Darribère highlights the importance of demographics and equipment ratios in spotting opportunities. “One of our priorities in recent quarters has been to grow our portfolio in Italy.

“Italy already has one of the most aged populations, and it’s growing fast. Yet its equipment ratio – the number of nursing home beds relative to the elderly population – remains low. Much of the existing stock is also old and not fully aligned with European standards, which creates clear investment opportunities.”

Investors are also adapting portfolios to evolving healthcare delivery. Xavier Cheval, head of healthcare at pan-European manager Praemia REIM, notes: “We are seeing additional capex for hospital refurbishments to accommodate more outpatient flows, expanding waiting rooms, changing rooms and other areas to speed up processes or allow a greater focus on technical procedures.

“On the care-home side, there’s growing demand for more individualized accommodation and for opening facilities to non-residents who access services during the day rather than staying full-time.”

The rise in chronic diseases, like dementia or depression, is also driving the need for specialty care across the continent, says Guy-Young Lamé, head of research and strategy at Praemia REIM. “With the outpatient trend growing in Europe – though already more advanced in the US and the UK – we’re also seeing increased demand for rehabilitation and long-term care centers.”

Regulation and operational risks

Despite strong long-term fundamentals, the healthcare real estate sector is facing headwinds from policy or regulatory uncertainty.

A recent example in the US is the Trump administration’s One Big Beautiful Bill Act, signed into law in July. The legislation includes about $910 billion in cuts to government healthcare spending over the next decade, mainly targeting Medicaid reimbursement rates, research funding and patient coverage.

Most of these reductions, however, are not expected to take effect until 2030-34, giving health systems time to plan and adapt – and some may even be rolled back before implementation, Hammes explains.
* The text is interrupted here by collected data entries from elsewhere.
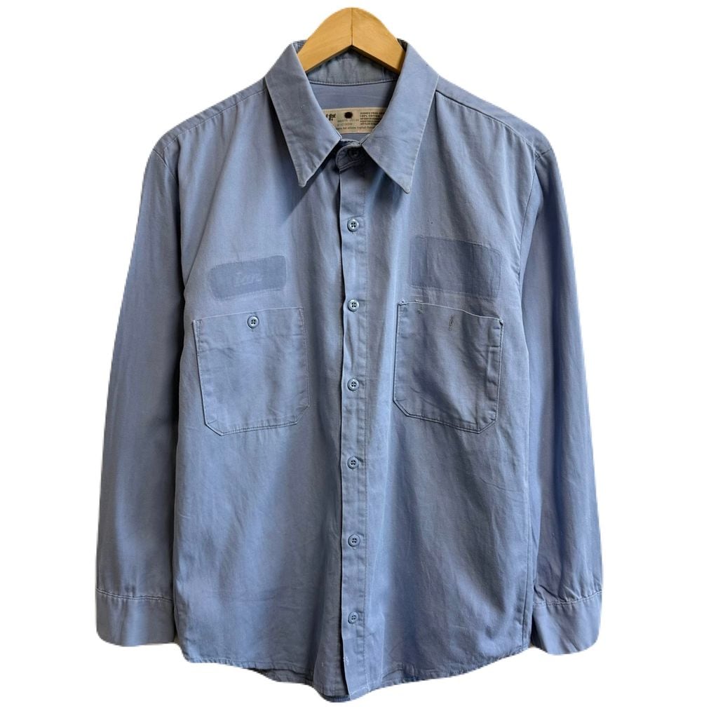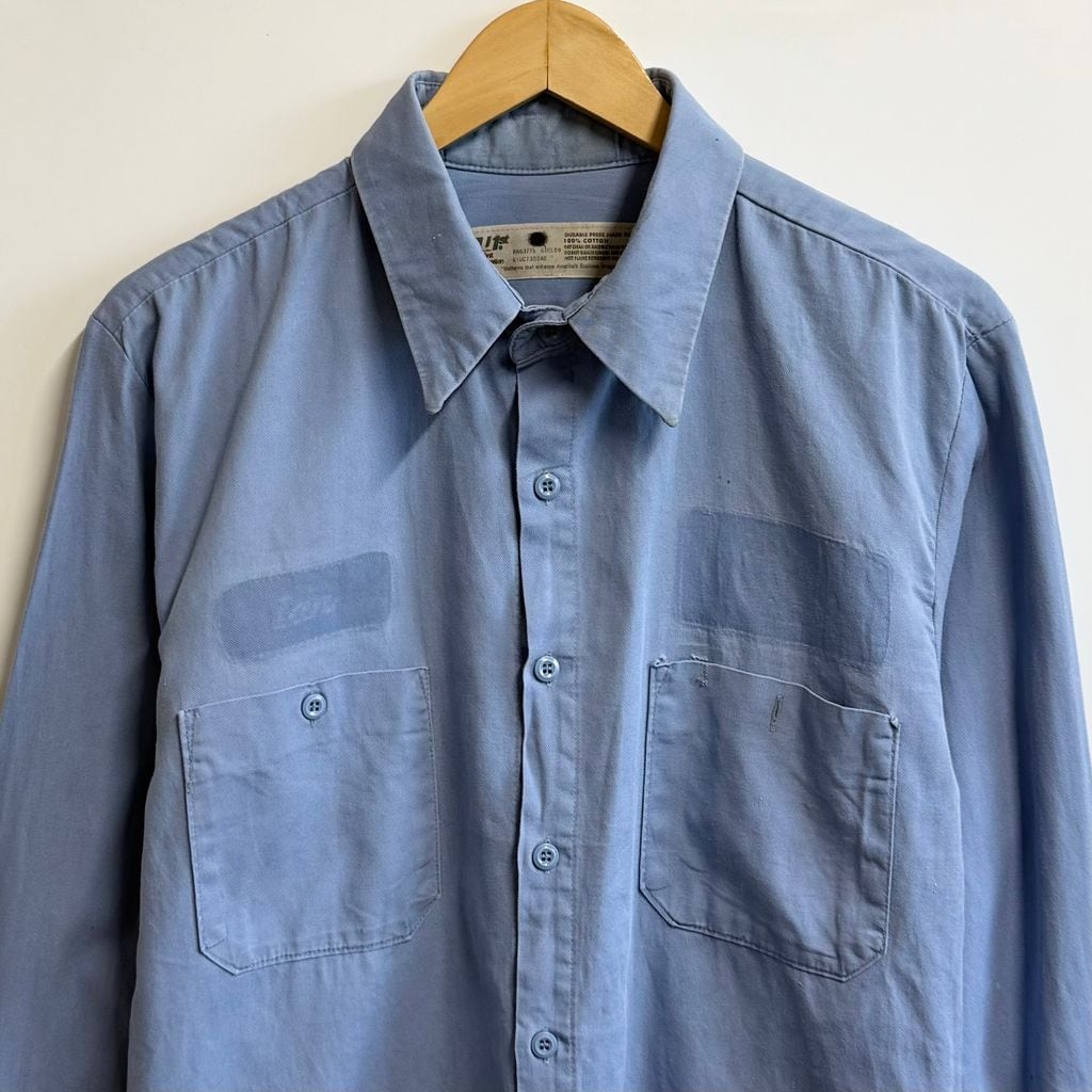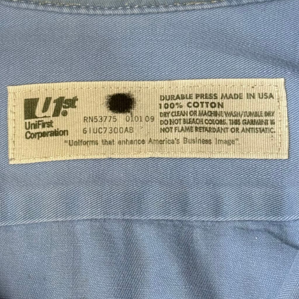 USA製 UniFirst ワークシャツ コットンシャツ ポケット付き 長袖シャツ ライトブルー No.M948
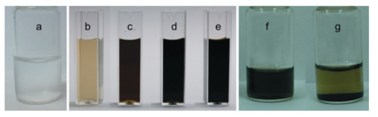 Photographs of electrolyte solutions before (a) and after the electro-exfoliated process in 0.01 M of NaOH solution and conditioned at various temperatures of (b) 0 °C, (c) 20 °C, (d) 30 °C, and (e) 40 °C for 3. Photograh (f) is the “e” stored at 6 months, and after adjusting into acidic condition (pH = 3) (g).
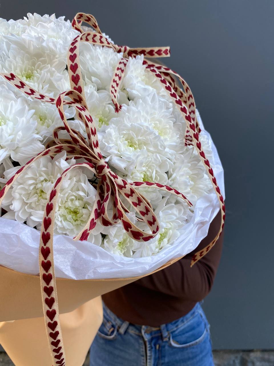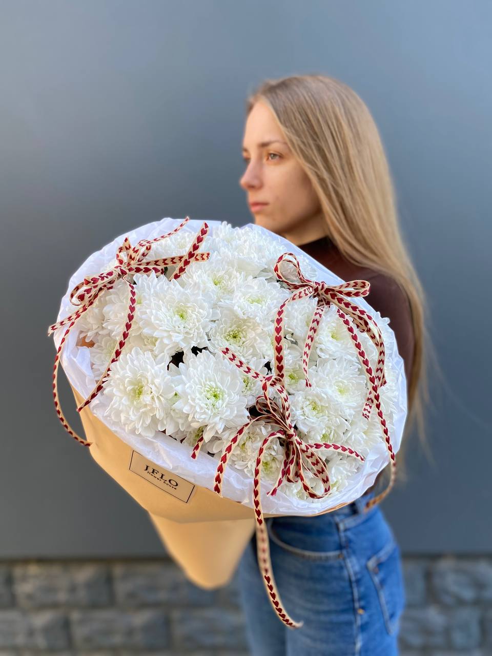 Семь пышных соцветий хризантемы с игривыми завитыми лепестками собраны в плотную композицию. Золотистый эвкалипт добавляет теплое мерцание и завершает образ. Яркий жест для тех, кто любит выразительные формы и живую энергию цветов.
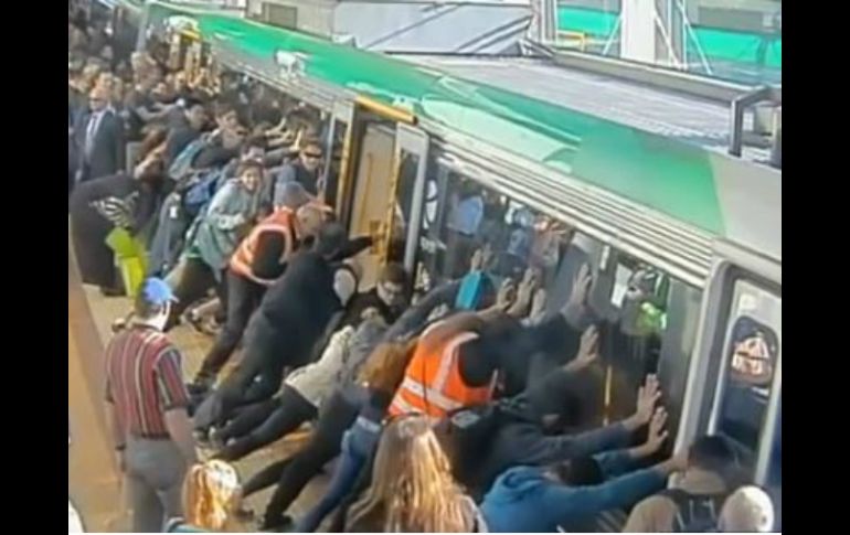 Internacional | Un pasajero alertó al personal ferroviario para evitar que el tren avanzara Pasajeros ladean vagón para liberar a un hombre en Australia Un pasajero alertó al personal ferroviario para evitar que el tren avanzara Por: AP 6 de agosto de 2014 - 16:50 hs SIDNEY, AUSTRALIA (06/AGO/2014).- La buena acción de una persona puede ser de mucha ayuda, pero cuando se multiplica puede ser una gran diferencia, esto pudo ser la gran enseñanza para un hombre que estuvo a punto de perder su pierna al caer accidentalmente en un espacio entre la plataforma y un tren en la estación Stirling de Perth en Australia. Decenas de personas ayudaron este miércoles a rescatar a un pasajero en Sidney, empujando juntas y ladeando un vagón de tren para liberar la pierna del hombre. Imágenes de video de circuito cerrado difundidas por la Autoridad de Transporte Público del estado de Australia Occidental muestran al hombre cayendo en el hueco al tratar de abordar el tren en una estación de la ciudad de Perth. Un pasajero alertó al personal ferroviario para evitar que el tren avanzara, reportó la prensa local. Cuando los trabajadores del tren vieron que el hombre no se podía mover, pidieron la ayuda de otros pasajeros. Al pasar los minutos, la pierna comenzó a hincharse y con esto se complicaba la situación. Las imágenes muestran a decenas de personas que acudieron a empujar el vagón para ladearlo y liberar al hombre, que había caído hasta la altura del muslo en el hueco. Funcionando a la perfección el plan, aquel hombre pudo librarse de tan fatal situación gracias a la colaboración de todos aquellos que ayudaron a empujar el vagón. "Es reconfortante presenciar un incidente como este en el que todos ayudan", dijo el portavoz de la autoridad de transporte David Hynes. No se reveló la identidad del hombre liberado. El servicio del tren se restableció en ese mismo momento y el hombre recibió atención médica. Medios locales reportan que se encuentra bien y después del chequeo se retiró para seguir su camino. Con información de AP / Carolina Quintanilla Temas Australia Sidney Oceanía Curiosidades Recibe las últimas noticias en tu e-mail Todo lo que necesitas saber para comenzar tu día Registrarse implica aceptar los Términos y Condiciones
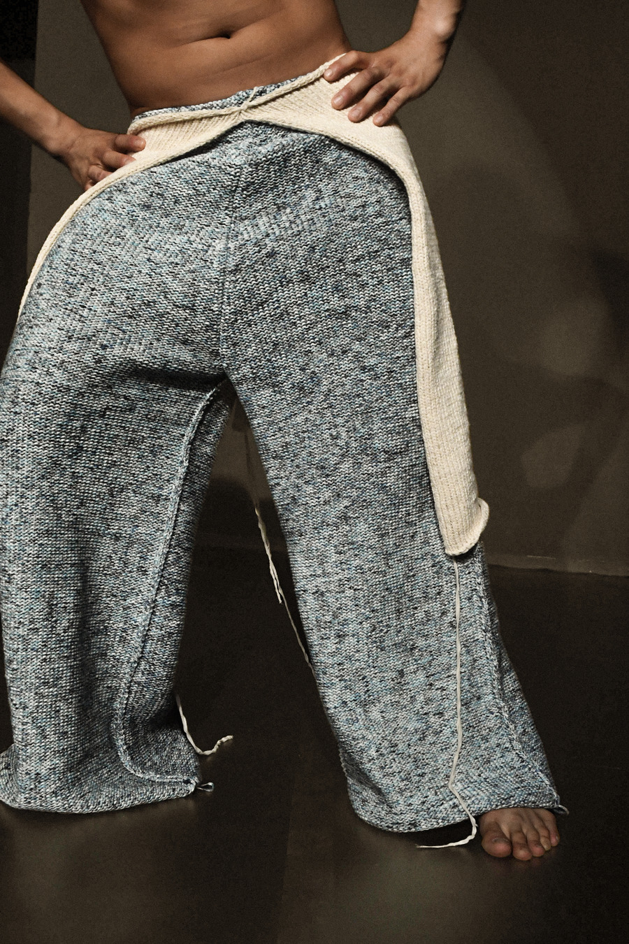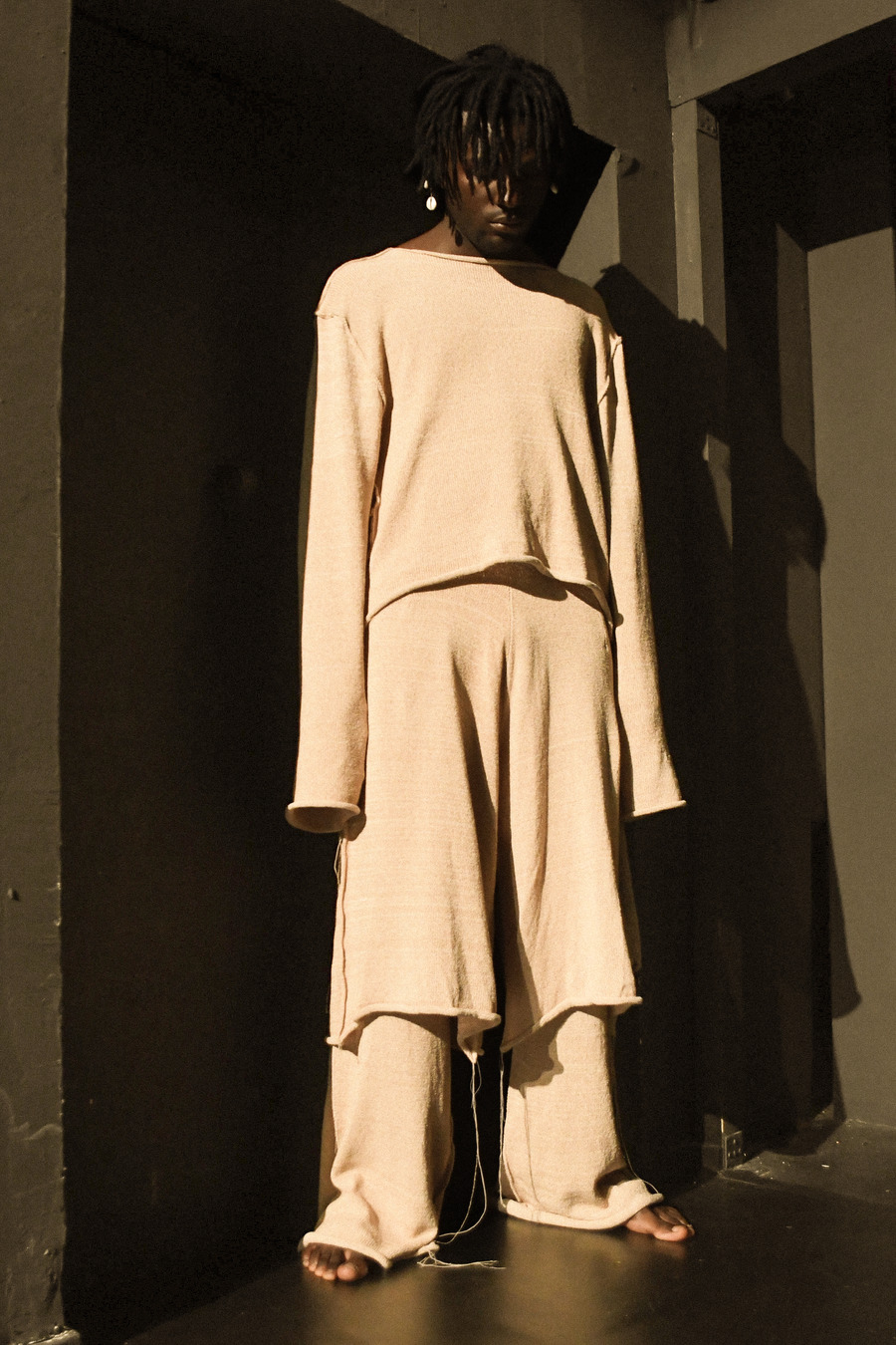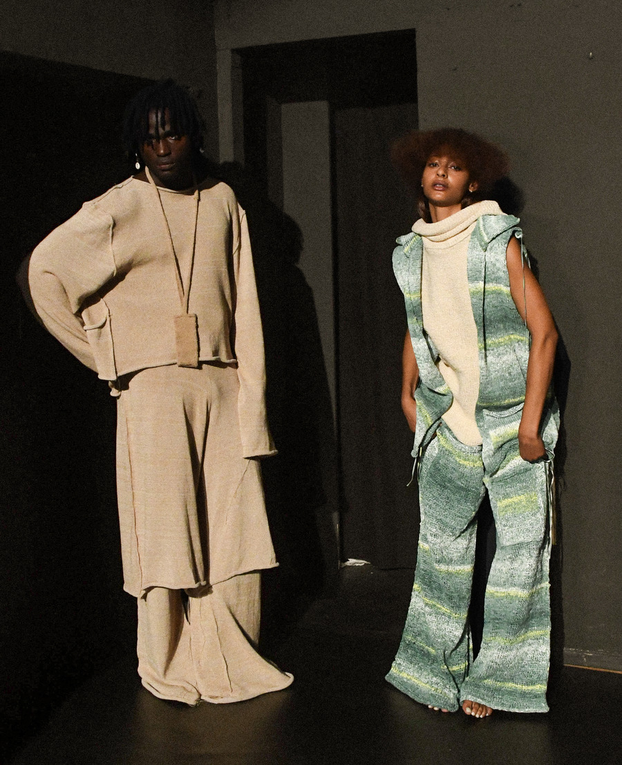 To be honest, I do it all by hand because I can’t afford to do everything with industrial Machines. Sampling industrially is very expensive. I’ve been wanting to do my brand for years and I kept having the excuse I can’t do it because knitting with industrial machines is too expensive. One day I just decided I could still show what I can do with the resources that I have. I started knitting

“The greatest risks are concentrated among financially vulnerable health systems and rural safety-net hospitals with higher Medicaid exposure. In contrast, healthcare systems with stronger balance sheets and diversified revenue streams are better positioned to weather these policy shifts,” says Hammes.

Beyond policy headwinds, operational challenges are also weighing on the sector. In the UK, Short notes: “Putting aside the impact of local authority funding shortfalls on the care sector, staffing remains the sector’s biggest challenge.”

He adds that Brexit and policies on visas and National Insurance have further strained workforce availability. “However, high-quality operators with well-designed facilities are better able to attract, retain and remunerate talent. As an investor, we partner exclusively with operators such as this.”

Healthcare real estate investors can manage risks by diversifying across geographies and healthcare subsectors, explains Lamé: “Diversification is a key objective. New investors are trying to understand every segment.”

Darribère echoes this approach, emphasizing the importance of local expertise. “We take a diversified approach, investing across clinics, hospitals and nursing homes, but the key for investors is local knowledge. Even within a shared demographic framework, regulations differ across countries, so having teams on the ground who understand both the rules and the operators is essential.”

Regulation, in fact, can be seen as a positive, Darribère says. “It helps protect the market from the risk of oversupply. We only include in our portfolio assets that are subject to specific healthcare regulations. In every country, opening a nursing home or clinic requires authorization from the healthcare authorities. This creates a barrier to entry that safeguards our investments.”

As healthcare demand rises and outpatient, specialty and community-based care expand, the global healthcare real estate market offers growing opportunities for investors that combine local expertise with strategic diversification.